Step 3: Combine the fractions on the left-hand side

To combine the fractions \(\frac{1}{x} + \frac{1}{16 - x}\), find a common denominator:

\[ \frac{1}{x} + \frac{1}{16 - x} = \frac{(16 - x) + x}{x(16 - x)} = \frac{16}{x(16 - x)} \]

Now, the equation becomes:

\[ \frac{16}{x(16 - x)} = \frac{1}{3} \]

Step 4 Cross-multiply to eliminate the fractions

Cross-multiply to eliminate the fractions:

\[ 16 \times 3 = x(16 - x) \]

Simplifying:

\[ 48 = 16x - x^2 \]

Step 5: Rearrange the equation into standard quadratic form

Rearrange the equation:

\[ x^2 - 16x + 48 = 0 \]

Step 6: Solve the quadratic equation

Now, solve the quadratic equation \(x^2 - 16x + 48 = 0\). To do this, use the quadratic formula:

\[ x = \frac{-b \pm \sqrt{b^2 - 4ac}}{2a} \]

where \(a = 1\), \(b = -16\), and \(c = 48\).

First, calculate the discriminant:

\[ \Delta = (-16)^2 - 4(1)(48) = 256 - 192 = 64 \]

Now, apply the quadratic formula:

\[ x = \frac{-(-16) \pm \sqrt{64}}{2(1)} = \frac{16 \pm 8}{2} \]

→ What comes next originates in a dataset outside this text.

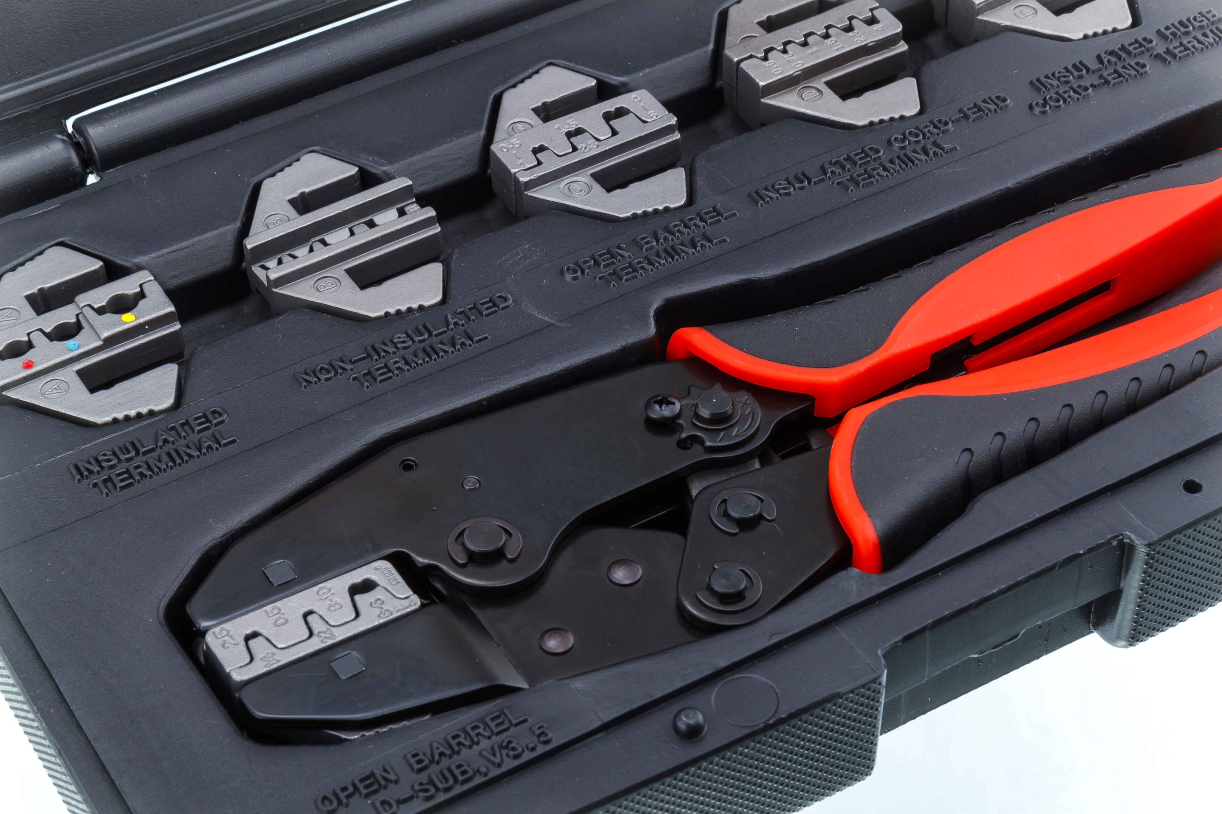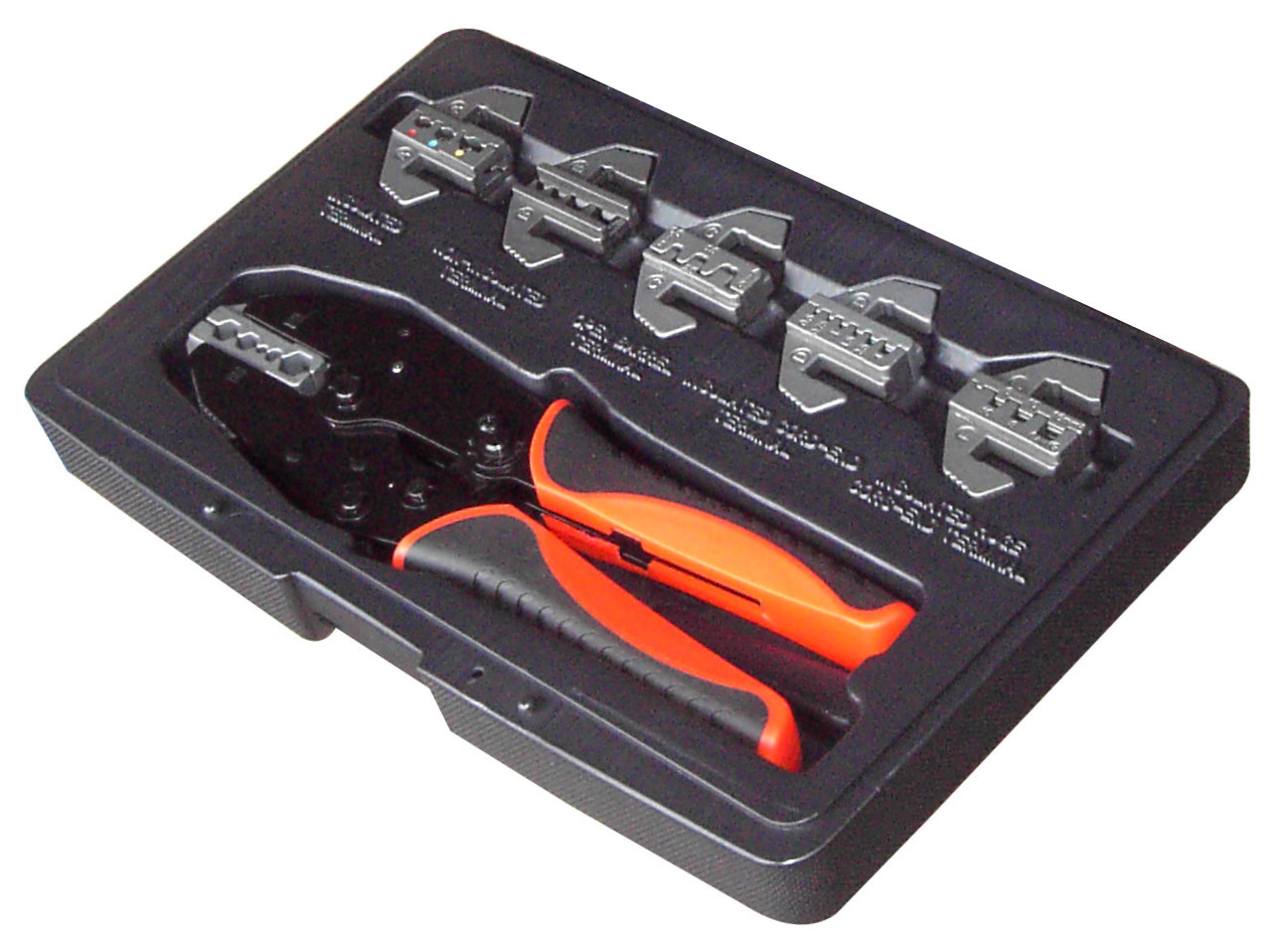 Кримпер храповичный с быстросменными губками: 1 шт. A. Губки для изолированных клемм: 1 шт. Размер сечения провода по стандартам AWG 22.18/16-14/12-10 или DIN 0.5-1.0/1.5-2.5/4-6 мм2 B. Губки для не изолированных клемм: 1 шт. Размер сечения провода по стандартам AWG 20-18/16-14/12-10/8 ; DIN 1.5/2.5/6/10 мм2; JIS 1.25/2/5.5/8 мм2 C. Губки для клемм с открытым корпусом: 1 шт. Размер сечения провода по стандартам AWG 20-18/16-14/12-10 и DIN 0.5-1.0/1.5-2.5/4-6 мм2 D. Губки для клемм cord-end малого размера : 1 шт. Размер сечения провода по стандартам AWG 22/20/18/16/14/12 и DIN 0.5/0.75/1.0/1.5/2.5/4.0 мм2 F. Губки для клемм cord-end большого размера: 1шт. Размер сечения провода по стандартам AWG 10/8/6 и DIN 6.0/10.0/16.0 мм2 H. Губки для клемм RG (коаксильного кабеля): 1шт. Размер сечения провода по стандартам AWG 14-22/8-6 и JIS 2.5/0.5/8-10 мм2
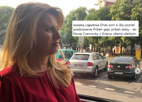 Prezidentka seděla na sedačce mezi ostatními cestujícími. Po boku však měla svou ochranku, která dohlížena na její bezpečnost. Tramvají jela na divadelní představení Příběh gaye, příbeh lesby. Hra se konala k příležitosti sobotního Duhového pochodu Bratislavou za práva homosexuálů.

So, the two possible values for \(x\) are:

\[ x = \frac{16 + 8}{2} = \frac{24}{2} = 12 \]

or

\[ x = \frac{16 - 8}{2} = \frac{8}{2} = 4 \]

Step 7: Find corresponding values of \(y\)

For \(x = 12\), substitute into \(y = 16 - x\):

\[ y = 16 - 12 = 4 \]

For \(x = 4\), substitute into \(y = 16 - x\):

\[ y = 16 - 4 = 12 \]

Solution:

The solutions to the system are:

\[ (x, y) = (12, 4) \quad \text{or} \quad (x, y) = (4, 12) \]

Both solutions satisfy the system of equations.